Ortak ekip, sığınağın cam binalarının bazı cephelerinde gözlemlenen küçük hasar izlerinin, meşru askeri bölgeleri vuran fırtınalardan kaynaklandığına dikkat çekti. Ayrıca koalisyon güçlerine, koalisyon liderliğinin taahhüt ettiği insani ilkeler ve uluslararası normlar doğrultusunda kısmi hasarı onarmaya yardımcı olmaya çağırdı.

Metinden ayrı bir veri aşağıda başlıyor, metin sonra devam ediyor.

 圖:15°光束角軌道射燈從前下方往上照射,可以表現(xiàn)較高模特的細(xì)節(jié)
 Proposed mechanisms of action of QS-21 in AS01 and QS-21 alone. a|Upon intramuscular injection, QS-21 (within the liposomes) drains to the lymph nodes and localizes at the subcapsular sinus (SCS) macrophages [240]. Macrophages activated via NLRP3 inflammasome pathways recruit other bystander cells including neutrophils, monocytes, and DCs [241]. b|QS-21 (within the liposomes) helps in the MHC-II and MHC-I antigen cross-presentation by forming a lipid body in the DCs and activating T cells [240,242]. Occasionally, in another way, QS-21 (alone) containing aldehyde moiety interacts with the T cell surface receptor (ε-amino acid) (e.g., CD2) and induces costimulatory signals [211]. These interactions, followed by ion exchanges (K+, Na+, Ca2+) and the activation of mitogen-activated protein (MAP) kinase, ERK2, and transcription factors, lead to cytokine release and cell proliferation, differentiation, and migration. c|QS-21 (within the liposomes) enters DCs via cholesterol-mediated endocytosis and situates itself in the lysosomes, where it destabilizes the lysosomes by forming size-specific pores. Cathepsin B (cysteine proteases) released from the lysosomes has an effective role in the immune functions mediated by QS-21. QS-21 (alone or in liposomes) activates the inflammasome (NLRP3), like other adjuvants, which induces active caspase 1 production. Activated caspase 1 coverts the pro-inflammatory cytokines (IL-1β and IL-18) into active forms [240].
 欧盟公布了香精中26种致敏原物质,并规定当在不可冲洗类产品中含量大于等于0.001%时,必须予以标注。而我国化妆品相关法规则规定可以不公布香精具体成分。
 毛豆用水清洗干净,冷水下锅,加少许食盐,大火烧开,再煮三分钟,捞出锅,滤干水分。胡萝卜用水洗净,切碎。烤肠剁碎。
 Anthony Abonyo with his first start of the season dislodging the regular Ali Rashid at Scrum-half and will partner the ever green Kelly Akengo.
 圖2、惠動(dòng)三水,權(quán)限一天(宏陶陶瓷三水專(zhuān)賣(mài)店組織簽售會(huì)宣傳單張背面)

Mansur, pazartesi günü Riyad’da düzenlediği basın toplantısında, uluslararası kuruluşlardan alınan bazı vakaları ve ortak ekibin bu olaylara ilişkin değerlendirmesinin sonuçlarını inceledi. Ayrıca koalisyon güçlerinin Yemen’deki askeri operasyonları sırasında yaptıkları hatalar çerçevesinde bazı taraflarca ileri sürülen dört iddiayı da yalanladı.

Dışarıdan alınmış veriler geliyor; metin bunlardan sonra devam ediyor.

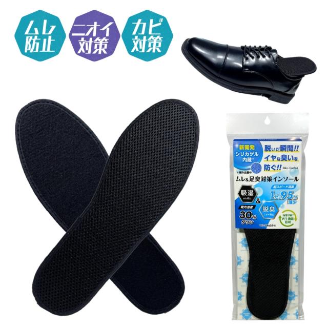 【シリカコンフォート ムレ&足臭対策インソール ブラック】靴の臭い 足の臭い ムレ対策 臭い対策 シリカゲル 吸湿 繰り返し使用 消臭 脱臭 ブーツ スニーカー 革靴 ブーツ 22.5cm〜29.0cmまで対応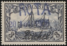 However, in mid-June 1904, a German agronomist, Herr Volkmar Reichel, was transferred to the island of Rota. He was the only German on the island. For reasons that are unclear, Herr Reichel began operating an “auxiliary postal station” on the island. It’s possible this was done because, during periods in which Saipan was without steamer service, steamers would stop at Rota bearing Marianen mail which had not been canceled, and Herr Reichel took it upon himself to cancel these items. Regardless, despite repeated requests to Berlin, this “auxiliary postal station” was not authorized by the Reichspost.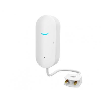 SwitchBot Water Leak Detector med sensor kabel til fjernovervågning af lækager. Enheden kan registrere vandlækager og sende notifikationer, hvilket gør den egnet til brug i hjem eller erhverv for at forhindre vandskader.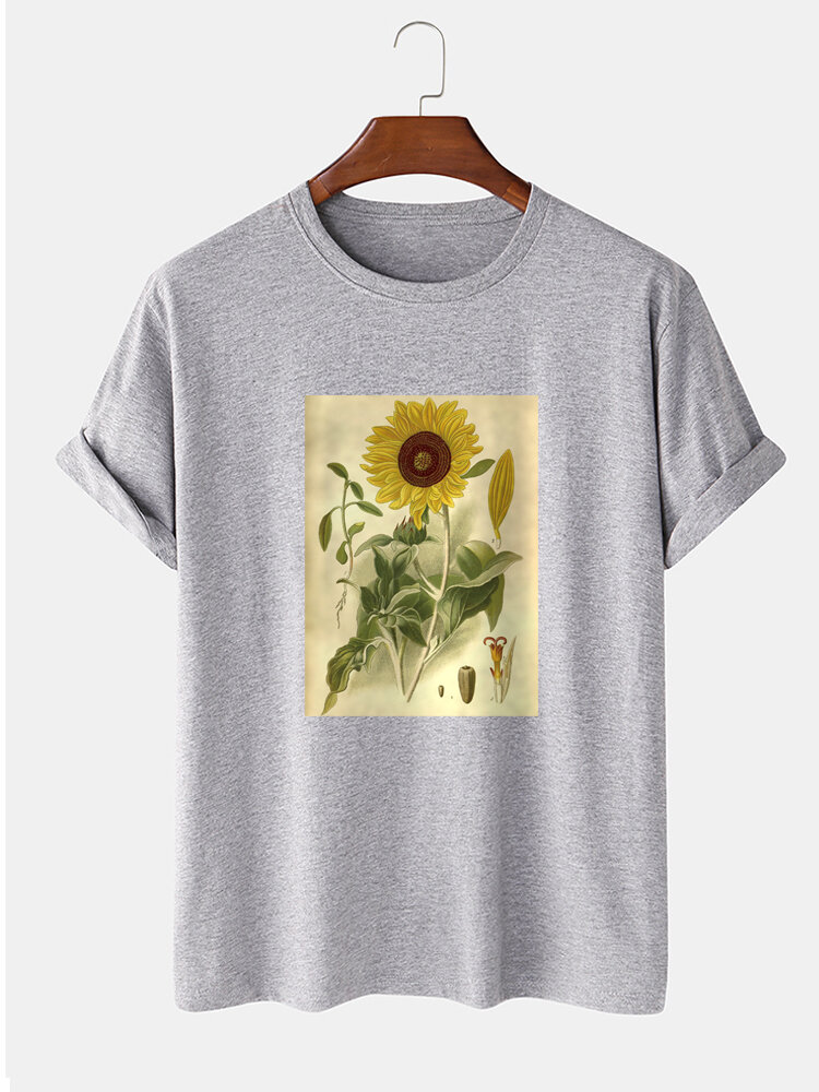 Description:Fit Type:Regular FitMaterial:CottonNeckline:Round NeckPattern Type:Ditsy FloralScene:Leisure,CasualSeason:Spring,SummerSize:M,L,S,XLSleeve:Short SleeveStyle:CasualThickness:Regular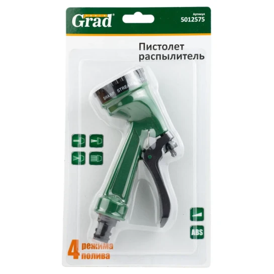 Пістолет-розпилювач 4-х режимний АВС GRAD (5012575) призначений для поливу різних рослин. Дозволяє плавно регулювати потік води, що скорочує її витрата. Має чотири режими поливу, придатних для різних умов. З'єднується зі шлангом за допомогою швидкоз'ємного коннектора.
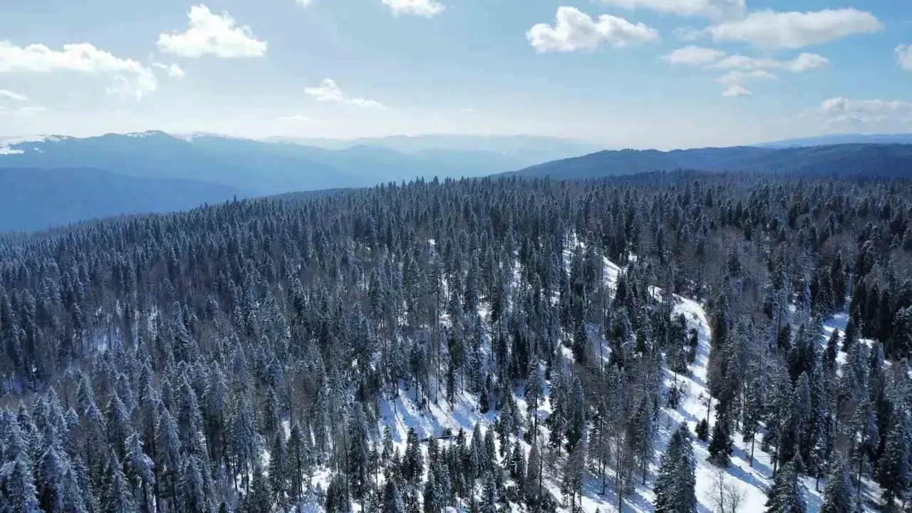 Düzce’nin yüksek kesimleri beyaza bürüdü. Yer yer kar kalınlığının 30 santimetreye kadar çıktığı gözlemlenirken, kartpostallık görüntüler ortaya çıktı. Eğrelti, İkizler, Sinekli, Sakarca gibi yaylalarda oluşan görüntüler havadan dron ile görüntülendi.

251 sayılı olay çerçevesinde ise Eylül 2021’de Birleşmiş Milletler İnsan Hakları Yüksek Komiserliği’nin yıllık raporunda, koalisyon güçlerinin Amran vilayetindeki iki kümes hayvanı çiftliğine füze saldırısı düzenlediği iddiasıyla ilgili olarak Mansur şunları söyledi:

“Yemen’deki Ortak Olayları Değerlendirme Ekibi, bu iddiayı araştırıp delilleri değerlendirdikten ve uydu görüntülerini inceledikten sonra iddianın olduğu yerde bir kümes hayvanı çiftliği olmadığını tespit ederken, koalisyon güçlerinin olay boyunca herhangi bir hava operasyonu gerçekleştirmediğinden emin. İddia tarihi öncesindeki ve sonrasındaki günlerde de çiftlikte aynı durum söz konusuydu.”

252 sayılı vakada ekibe bildirilenlere göre ise 26.11.2018 tarihinde akşam saatlerinde Haccah vilayetindeki el-Hayca bölgesinde bir evin üzerinden uçmaya başlayan ve daha sonra bir eve çarpan bir İHA’ya ilişkin olarak ise Mansur, ekibin doğrulama, araştırma ve bilgi toplama prosedürlerini tamamladıktan sonra ekip uzmanlarının, iddianın olduğu gün koalisyon güçlerinin el-Hayca köyünde herhangi bir hava operasyonu gerçekleştirmediği bilgisine ulaştığını dile getirdi Ayrıca ekibin, konferans sırasında iddia bölgesinin koordinatlarının uydu görüntülerini gösterdiğine ve iddia edilen bölgede herhangi bir hava saldırısı izinin bulunup bulunmadığının net olmadığına da dikkat çekti. İddialara göre saldırı, evin tamamen yıkılmasına ve çok sayıda ölüm ve yaralanmaya yol açtı.

Mansur, olaylarla ilgili incelemesini, Sınır Tanımayan Doktorlar Örgütü’nün, 2021’de Yemen hava sahasının kapanmasına neden olan Sana Uluslararası Havalimanı çevresinde bir hava saldırısı hakkında bildirdiği bilgilerle noktaladı. Yetkili ayrıca, koalisyon güçlerinin herhangi bir hava operasyonu gerçekleştirmediğini göstermek için ortak ekibin bilgi toplama çalışmalarını yürüttüğünü ve iddia tarihinde gerçekleştirilen hava operasyonlarını incelediğini söyledi. Ayrıca Yemen hava sahasını askıya alma kararı alınmadığına dikkat çekti.